**EXERCISE**
Output the lines from the one containing "10/7(火)おいしい給食(チリコンカーン) 公開日 2025/10/07" through the last line of the material below, exactly; please do not include pictures.

DATASET SECTION section start

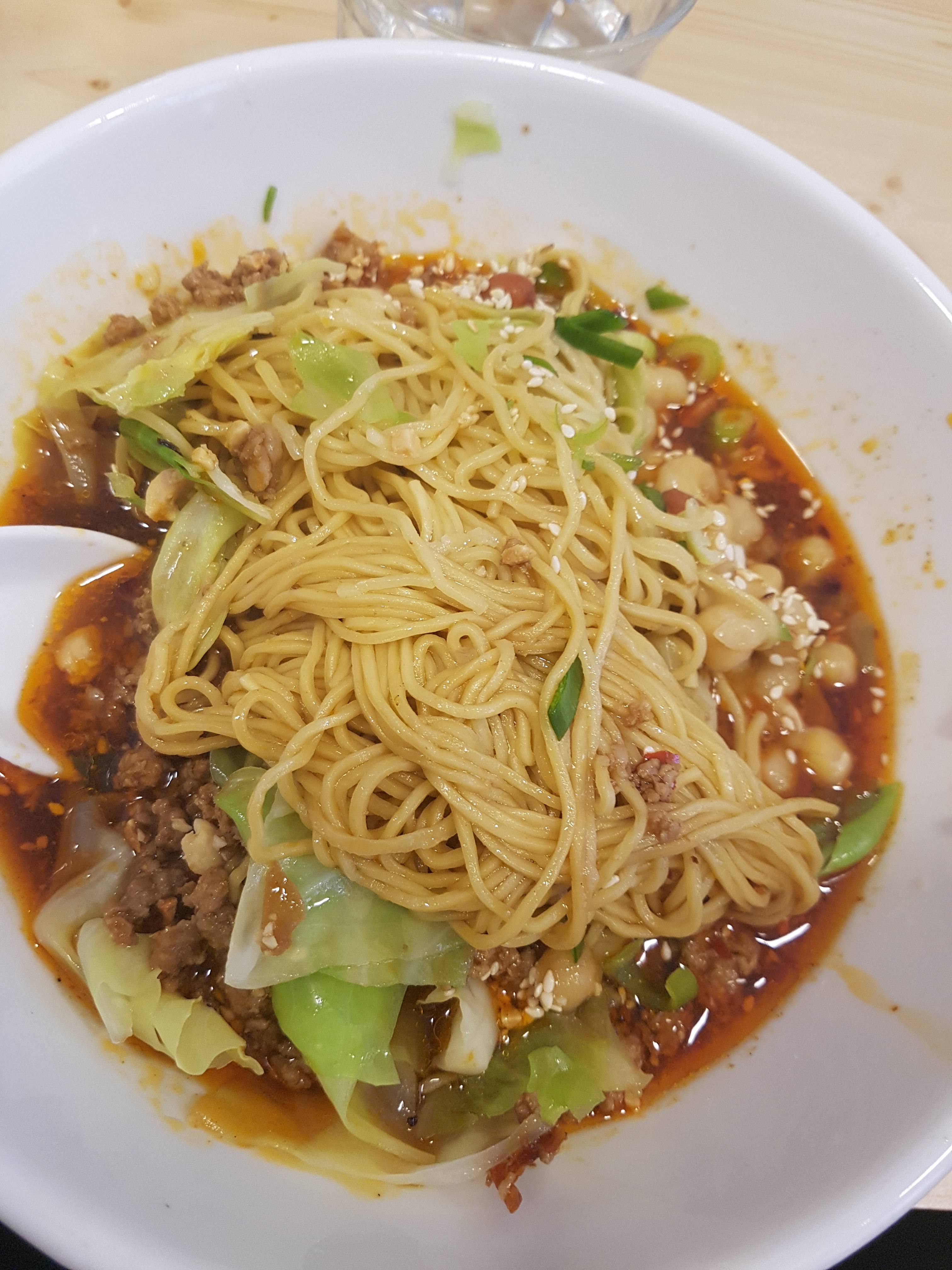 Très bon rapport qualité prix. Un restaurant pour ceux qui aime et/ou supporte le piment. Service rapide et les plats sont bien présentés. 😁 On a pris les nouilles froides, les nouilles au bœufs et au porc haché. J'ai préféré les nouilles froides car plus épaisse et qu'il y avait plus de goût. Malheureusement, on était placé à côté d'une voiture et qu'il y avait des petits insectes qui volaient autour.
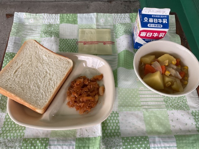 10/7(火)おいしい給食(チリコンカーン) 公開日 2025/10/07 更新日 2025/10/07 おいしい給食 メキシコ生まれ、アメリカ育ちの「チリコンカーン」アメリカの家庭料理の代表といわれています。万博特集の一環で外国の料理がたくさん出ます。調理場の掲示がハロウィン仕様になりました。9つの食材を見つけられますか? いいね(0)
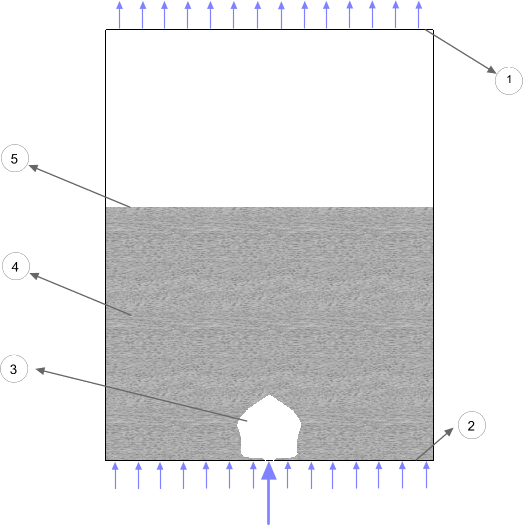 气泡的形状及其数量增长已被报告 ([970])。注气孔宽 15 mm。孔口处的表面气速为 10 m/s。入口其余部分的表面气速为 0.25 m/s,即让床层流化的最小气速。几何如下所示。
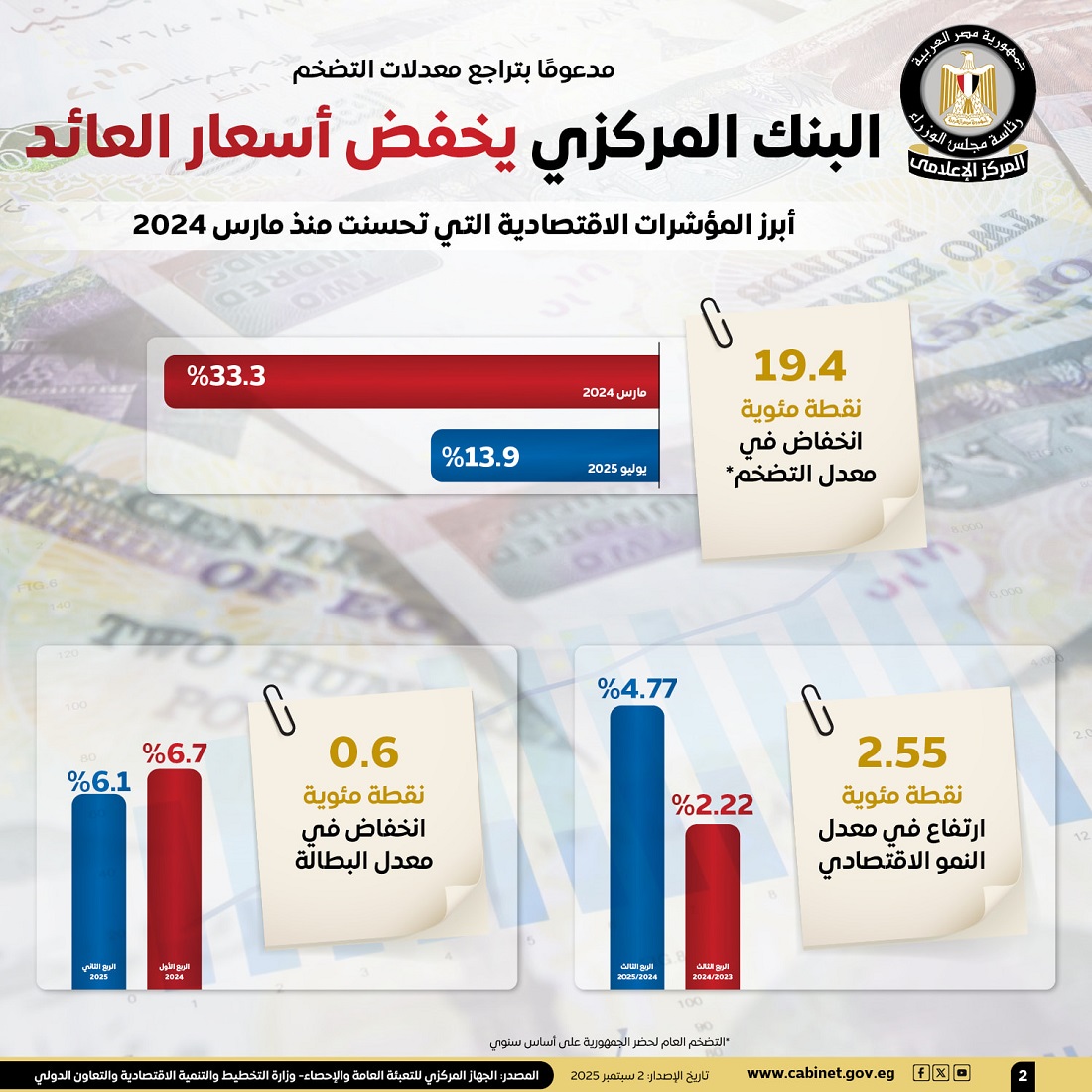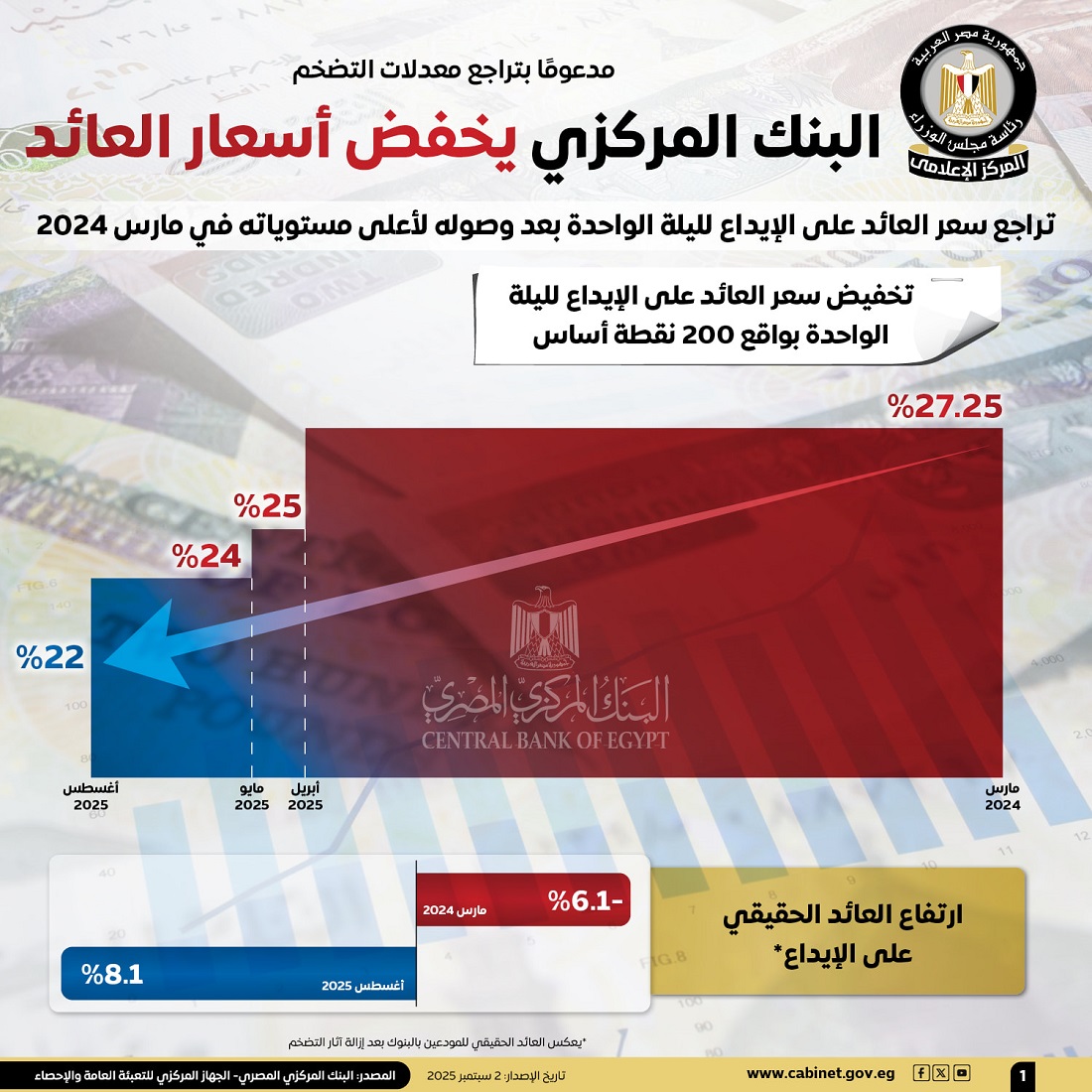 نشر المركز الإعلامي لمجلس الوزراء مجموعة من الإنفوجرافات عبر منصاته على وسائل التواصل الاجتماعي لتسليط الضوء على قرار البنك المركزي المصري بخفض أسعار العائد.

DATASET SECTION section end

**ANSWER SECTION**
 10/7(火)おいしい給食(チリコンカーン) 公開日 2025/10/07 更新日 2025/10/07 おいしい給食 メキシコ生まれ、アメリカ育ちの「チリコンカーン」アメリカの家庭料理の代表といわれています。万博特集の一環で外国の料理がたくさん出ます。調理場の掲示がハロウィン仕様になりました。9つの食材を見つけられますか? いいね(0)
 气泡的形状及其数量增长已被报告 ([970])。注气孔宽 15 mm。孔口处的表面气速为 10 m/s。入口其余部分的表面气速为 0.25 m/s,即让床层流化的最小气速。几何如下所示。
 نشر المركز الإعلامي لمجلس الوزراء مجموعة من الإنفوجرافات عبر منصاته على وسائل التواصل الاجتماعي لتسليط الضوء على قرار البنك المركزي المصري بخفض أسعار العائد.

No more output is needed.